In ultra-large-scale task scenarios (hundreds, thousands of workers), some problems in native open source frameworks are exposed, such as inefficient thread pool scheduling, lock overhead on critical paths, inefficient execution engines, frequent small packets The overhead brought by rpc causes ParameterServer to become an obvious performance bottleneck when distributed scaling. StarServer has carried out optimizations including graph, thread scheduling, execution engine and memory, modified the send/recv semantics in the original framework to pull/push semantics, and supported the semantics in subgraph division, and implemented the ParameterServer side graph at the same time Lockfree in the execution process realizes lock-free execution and greatly improves the efficiency of concurrent execution of subgraphs. Compared with the native framework, it can improve the training performance several times, and supports linear distributed expansion of 3000worker scale.

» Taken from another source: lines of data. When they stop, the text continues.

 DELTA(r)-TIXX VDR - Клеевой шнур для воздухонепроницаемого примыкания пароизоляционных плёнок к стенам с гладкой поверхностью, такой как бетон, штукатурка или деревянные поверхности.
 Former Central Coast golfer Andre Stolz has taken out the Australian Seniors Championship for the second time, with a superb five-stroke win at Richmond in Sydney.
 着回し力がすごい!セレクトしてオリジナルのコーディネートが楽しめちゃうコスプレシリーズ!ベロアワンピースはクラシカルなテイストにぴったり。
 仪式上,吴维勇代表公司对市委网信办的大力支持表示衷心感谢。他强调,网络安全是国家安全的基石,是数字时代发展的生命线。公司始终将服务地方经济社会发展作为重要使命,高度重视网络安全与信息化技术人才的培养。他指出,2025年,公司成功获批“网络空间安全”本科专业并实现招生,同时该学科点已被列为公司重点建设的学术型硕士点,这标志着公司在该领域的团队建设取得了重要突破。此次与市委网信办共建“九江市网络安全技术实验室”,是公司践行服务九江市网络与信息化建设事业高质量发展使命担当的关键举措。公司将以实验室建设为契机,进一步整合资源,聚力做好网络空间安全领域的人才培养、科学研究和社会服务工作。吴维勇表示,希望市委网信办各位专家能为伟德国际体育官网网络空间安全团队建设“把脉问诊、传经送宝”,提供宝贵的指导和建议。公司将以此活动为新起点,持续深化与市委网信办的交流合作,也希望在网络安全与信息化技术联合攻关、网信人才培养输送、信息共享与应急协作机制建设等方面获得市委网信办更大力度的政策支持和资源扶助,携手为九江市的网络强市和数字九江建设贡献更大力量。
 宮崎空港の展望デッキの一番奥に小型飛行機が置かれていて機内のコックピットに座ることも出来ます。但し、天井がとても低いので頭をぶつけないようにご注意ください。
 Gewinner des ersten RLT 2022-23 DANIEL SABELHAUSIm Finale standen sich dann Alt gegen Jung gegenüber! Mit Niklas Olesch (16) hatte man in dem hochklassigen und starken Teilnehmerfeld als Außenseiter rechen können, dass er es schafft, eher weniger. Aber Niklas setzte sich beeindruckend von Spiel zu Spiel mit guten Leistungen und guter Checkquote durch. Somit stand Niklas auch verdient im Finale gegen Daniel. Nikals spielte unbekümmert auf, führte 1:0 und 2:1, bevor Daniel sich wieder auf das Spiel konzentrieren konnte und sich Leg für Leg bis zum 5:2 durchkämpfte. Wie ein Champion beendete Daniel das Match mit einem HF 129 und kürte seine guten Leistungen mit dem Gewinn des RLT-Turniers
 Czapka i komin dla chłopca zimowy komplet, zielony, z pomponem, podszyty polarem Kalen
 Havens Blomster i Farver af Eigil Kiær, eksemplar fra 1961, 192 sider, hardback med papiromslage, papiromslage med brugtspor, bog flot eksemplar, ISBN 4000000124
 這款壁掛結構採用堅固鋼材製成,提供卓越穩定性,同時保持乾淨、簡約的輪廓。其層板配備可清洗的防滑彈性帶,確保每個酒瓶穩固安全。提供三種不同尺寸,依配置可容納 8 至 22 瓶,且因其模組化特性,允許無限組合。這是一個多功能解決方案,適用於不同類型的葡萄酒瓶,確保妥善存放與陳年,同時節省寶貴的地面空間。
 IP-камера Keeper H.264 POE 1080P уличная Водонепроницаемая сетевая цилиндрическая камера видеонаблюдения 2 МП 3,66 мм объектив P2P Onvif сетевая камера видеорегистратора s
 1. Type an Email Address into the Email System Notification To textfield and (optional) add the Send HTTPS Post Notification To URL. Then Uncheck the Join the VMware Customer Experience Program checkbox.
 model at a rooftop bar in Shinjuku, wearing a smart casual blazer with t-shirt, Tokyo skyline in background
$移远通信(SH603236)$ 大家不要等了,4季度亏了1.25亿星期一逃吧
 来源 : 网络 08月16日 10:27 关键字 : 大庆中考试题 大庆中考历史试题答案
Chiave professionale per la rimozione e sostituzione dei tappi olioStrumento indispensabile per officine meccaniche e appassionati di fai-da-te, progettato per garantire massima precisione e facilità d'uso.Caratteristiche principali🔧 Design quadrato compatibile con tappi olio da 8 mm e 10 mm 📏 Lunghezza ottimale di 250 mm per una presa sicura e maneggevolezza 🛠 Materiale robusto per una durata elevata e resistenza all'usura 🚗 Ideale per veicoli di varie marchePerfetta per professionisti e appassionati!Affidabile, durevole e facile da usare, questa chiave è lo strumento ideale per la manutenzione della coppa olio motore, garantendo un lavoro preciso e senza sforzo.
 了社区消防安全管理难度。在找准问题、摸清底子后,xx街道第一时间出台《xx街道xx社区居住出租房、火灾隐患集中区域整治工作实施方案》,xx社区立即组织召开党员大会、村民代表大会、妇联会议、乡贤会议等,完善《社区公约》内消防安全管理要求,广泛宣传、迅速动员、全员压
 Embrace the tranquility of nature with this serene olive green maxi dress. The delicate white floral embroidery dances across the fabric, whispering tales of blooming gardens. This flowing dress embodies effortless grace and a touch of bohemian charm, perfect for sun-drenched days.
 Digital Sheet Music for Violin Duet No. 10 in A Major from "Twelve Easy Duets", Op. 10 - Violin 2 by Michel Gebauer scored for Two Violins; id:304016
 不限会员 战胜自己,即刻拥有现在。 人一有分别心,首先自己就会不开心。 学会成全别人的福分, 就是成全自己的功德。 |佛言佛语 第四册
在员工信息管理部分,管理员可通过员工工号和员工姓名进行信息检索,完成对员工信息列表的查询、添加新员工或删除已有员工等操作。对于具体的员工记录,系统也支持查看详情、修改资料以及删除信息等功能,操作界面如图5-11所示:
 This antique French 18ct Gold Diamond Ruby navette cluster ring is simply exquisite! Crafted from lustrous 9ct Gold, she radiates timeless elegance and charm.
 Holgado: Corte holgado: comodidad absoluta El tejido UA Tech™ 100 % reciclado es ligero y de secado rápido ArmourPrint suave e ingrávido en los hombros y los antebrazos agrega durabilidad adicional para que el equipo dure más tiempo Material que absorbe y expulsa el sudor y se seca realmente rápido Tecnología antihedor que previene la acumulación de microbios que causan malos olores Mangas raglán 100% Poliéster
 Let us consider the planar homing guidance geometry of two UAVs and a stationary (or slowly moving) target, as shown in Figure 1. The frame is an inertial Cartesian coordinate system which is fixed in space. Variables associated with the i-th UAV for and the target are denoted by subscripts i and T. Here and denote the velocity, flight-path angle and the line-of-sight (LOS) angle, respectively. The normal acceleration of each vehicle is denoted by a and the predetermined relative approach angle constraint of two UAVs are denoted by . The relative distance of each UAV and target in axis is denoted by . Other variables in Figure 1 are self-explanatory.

  • SmartStage (automatic pipeline):

Sparse model training usually includes sample data reading, Embedding search, Attention/MLP calculation, etc. Sample reading and Embedding search are non-computation-intensive operations, and at the same time, computing resources (CPU, GPU) cannot be used efficiently. The dataset.prefetch interface provided in the native framework can asynchronously read sample operations, but the embedding search process involves complex processes such as feature completion and IDization, which cannot be pipelined through prefetch. The SmartStage function can automatically analyze the boundaries of asynchronous pipelines in the graph and automatically insert them, which can maximize the performance of concurrent pipelines.

  • PRMalloc (memory allocator):

How to use memory efficiently and effectively is very important for the training of sparse models. The allocation of large blocks of memory in sparse scene model training results in a large number of minor pagefaults. In addition, the efficiency of multi-thread allocation has a serious problem of concurrent allocation efficiency. Aiming at the characteristics of sparse model training forward and backward, Graph calculation mode is relatively fixed and multiple rounds of repeated iterations, DeepRec has designed a set of memory management solutions for deep learning tasks to improve memory usage efficiency and system performance. Using the PRMalloc provided in DeepRec can greatly reduce the minor pagefault during the training process and improve the efficiency of multi-threaded concurrent memory allocation and release.

  • PMEM allocator:

The PMEM allocator implemented by the underlying libpmem library of PMDK divides a space mapped from PMEM into segments, and each segment is divided into blocks. Block is the smallest allocation unit of the allocator. To avoid thread competition, the thread that allocates the block caches some free space, including a set of segments and free lists. A free list and segment are maintained for each record size (several blocks) in the available space. The segment corresponding to each record size only allocates the PMEM space of that size, and all pointers in the free list corresponding to each record size point to the free space corresponding to the record size. In addition, in order to balance the resources of each thread cache, a background thread periodically moves the free list in the thread cache to the background pool, and the resources in the pool are shared by all foreground threads. Experiments show that the memory allocator based on persistent memory has little difference between the training performance of large models and the training performance based on DRAM, but TCO will have great advantages.

Deployment and Serving

  • Incremental model export and loading:

Businesses that require high timeliness require frequent online model updates, often at the minute or even second level. For super large models of TB-10TB level, it is difficult to complete the generation of models at the minute level and go online. In addition, the training and prediction of very large models have problems such as waste of resources and increased delay of multi-node Serving. DeepRec provides incremental model output and loading capabilities, which greatly accelerates the generation and loading of very large models.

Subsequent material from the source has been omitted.